YOUR TASK: Transcribe every line below exactly; no image goes into the output.

COLLECTED MATERIAL:

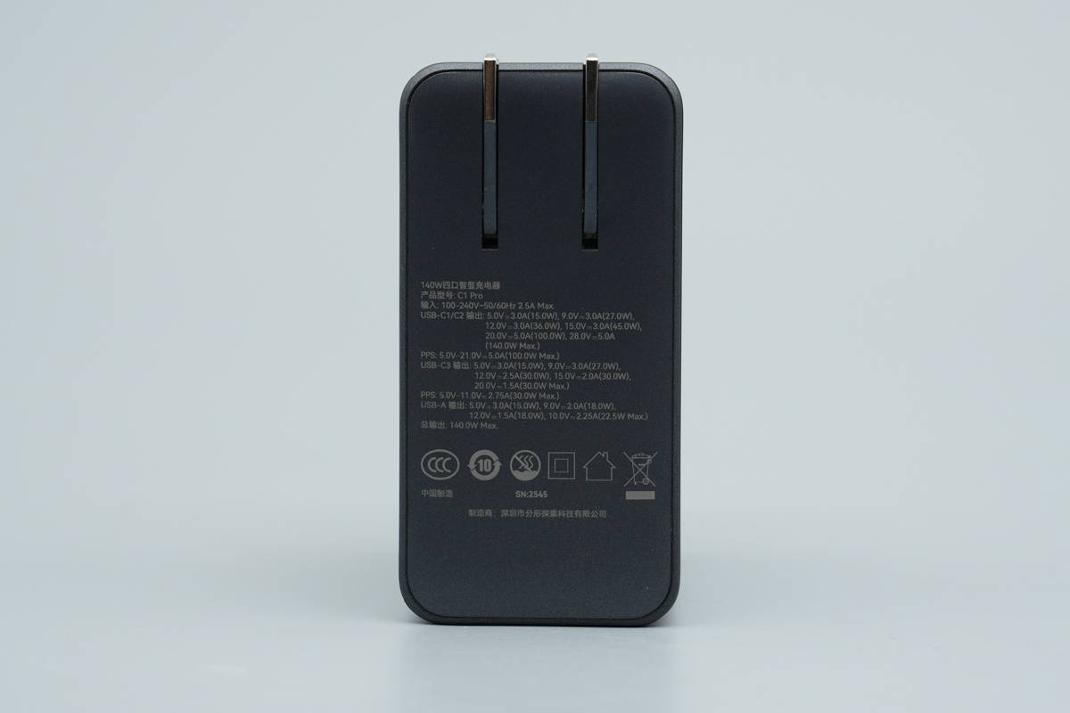 海赛力140W智显超级充电器C1 Pro采用PC阻燃材质塑料外壳,主体外壳表面喷漆处理,色调深邃质感不错。
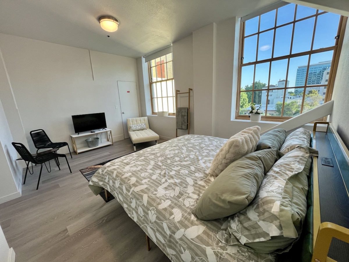 Votre maison loin de chez vous au cœur de Midtown Sacramento ! Ouvert, chaleureux et accueillant, le Sac City Loft dispose de tous les équipements nécessaires pour passer un séjour confortable. Ce studio spacieux est un espace rénové dans un quadruplex victorien historique. Découvrez le meilleur de Midtown, à quelques pas seulement. ***REMARQUE SUR L'ACCESSIBILITÉ*** Deux escaliers mènent au loft, l'un est raide et étroit.
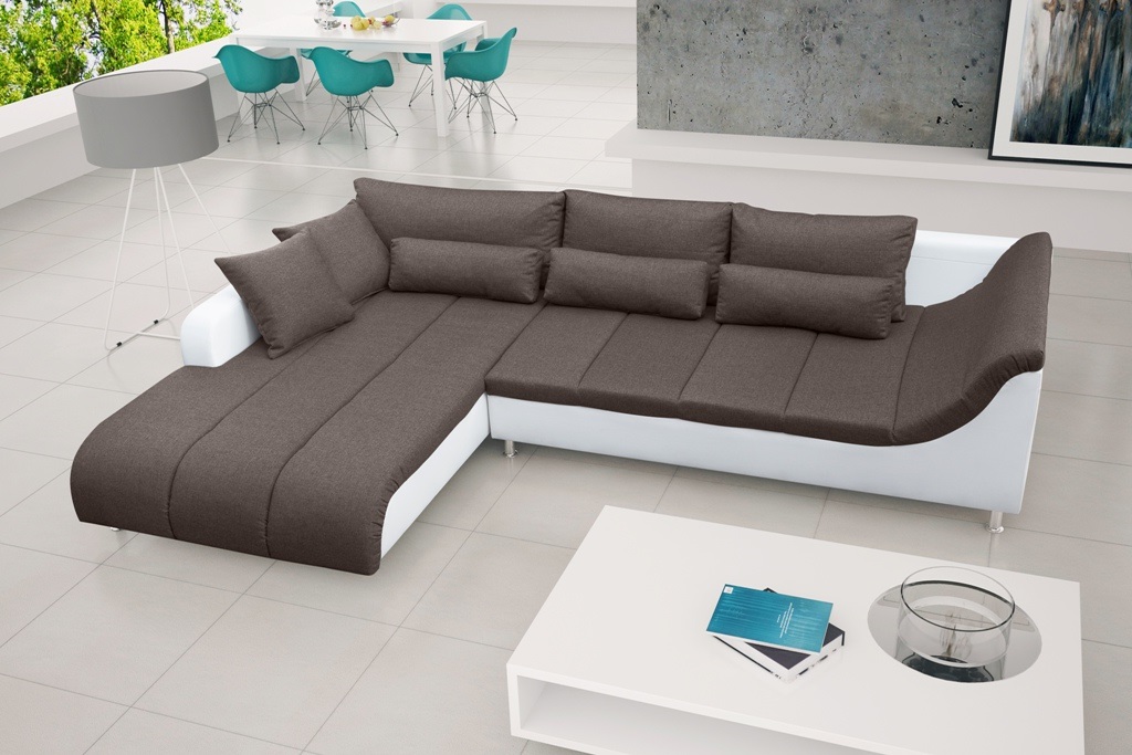 Jūsų pasirinktu audiniu aptrauktas atlošas, 8 patogios pagalvėlės ir patrauklūs porankiai.
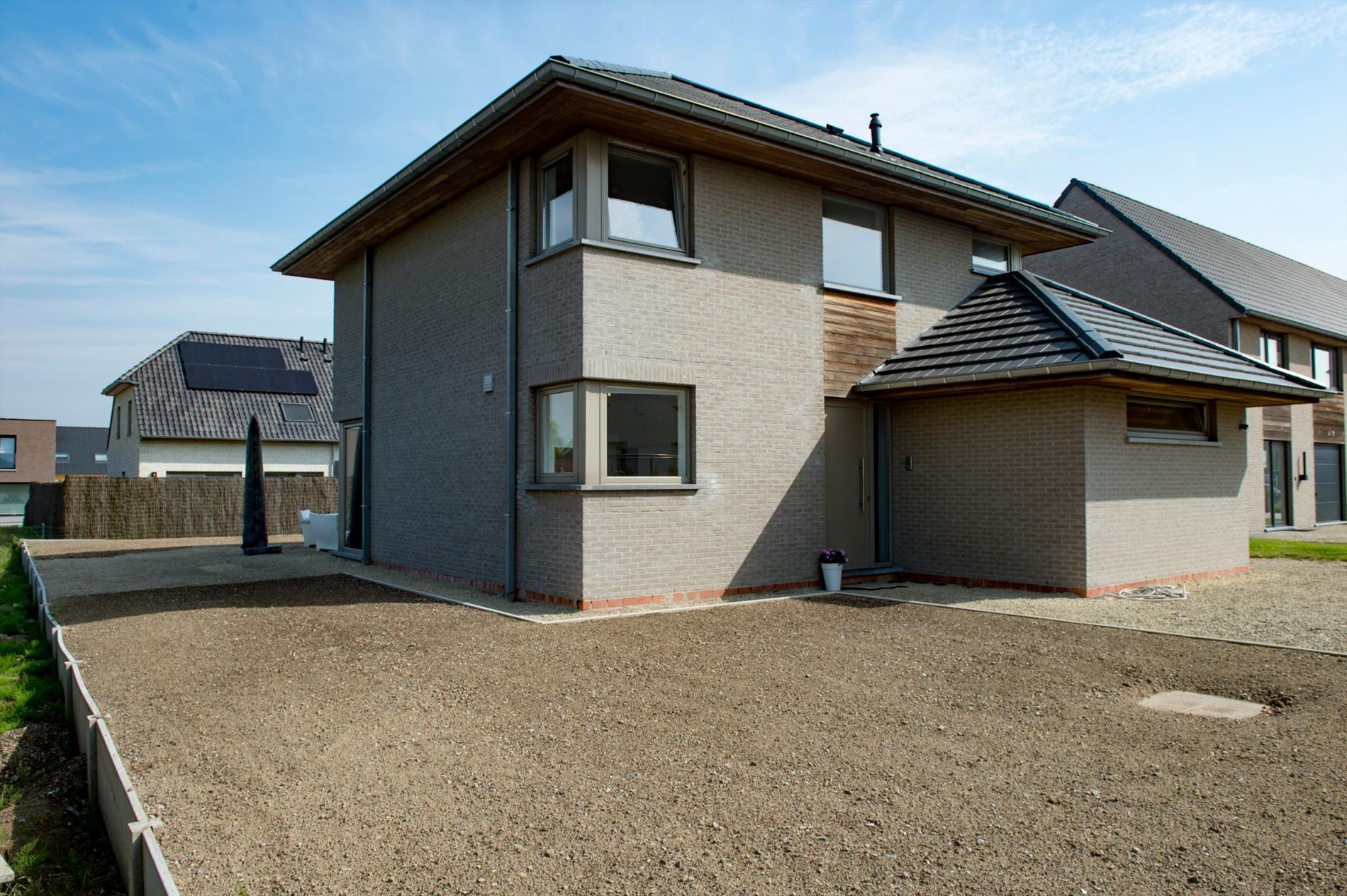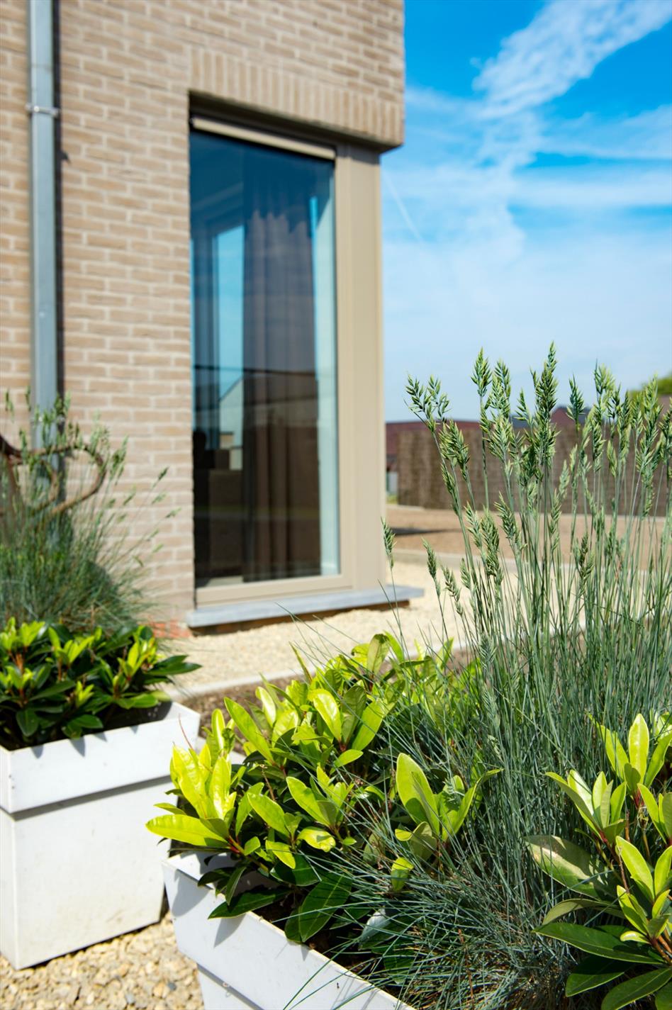Via de grote ramen in de woonkamer kan je gemakkelijk naar de tuin. De oprit en het terras zijn afgewerkt met kiezel. De oprit ligt naast de woning. Hier is er zeker voldoende plaats om meerdere wagens te parkeren.

SOLUTION FOR THIS TASK:
 海赛力140W智显超级充电器C1 Pro采用PC阻燃材质塑料外壳,主体外壳表面喷漆处理,色调深邃质感不错。
 Votre maison loin de chez vous au cœur de Midtown Sacramento ! Ouvert, chaleureux et accueillant, le Sac City Loft dispose de tous les équipements nécessaires pour passer un séjour confortable. Ce studio spacieux est un espace rénové dans un quadruplex victorien historique. Découvrez le meilleur de Midtown, à quelques pas seulement. ***REMARQUE SUR L'ACCESSIBILITÉ*** Deux escaliers mènent au loft, l'un est raide et étroit.
 Jūsų pasirinktu audiniu aptrauktas atlošas, 8 patogios pagalvėlės ir patrauklūs porankiai.
Via de grote ramen in de woonkamer kan je gemakkelijk naar de tuin. De oprit en het terras zijn afgewerkt met kiezel. De oprit ligt naast de woning. Hier is er zeker voldoende plaats om meerdere wagens te parkeren.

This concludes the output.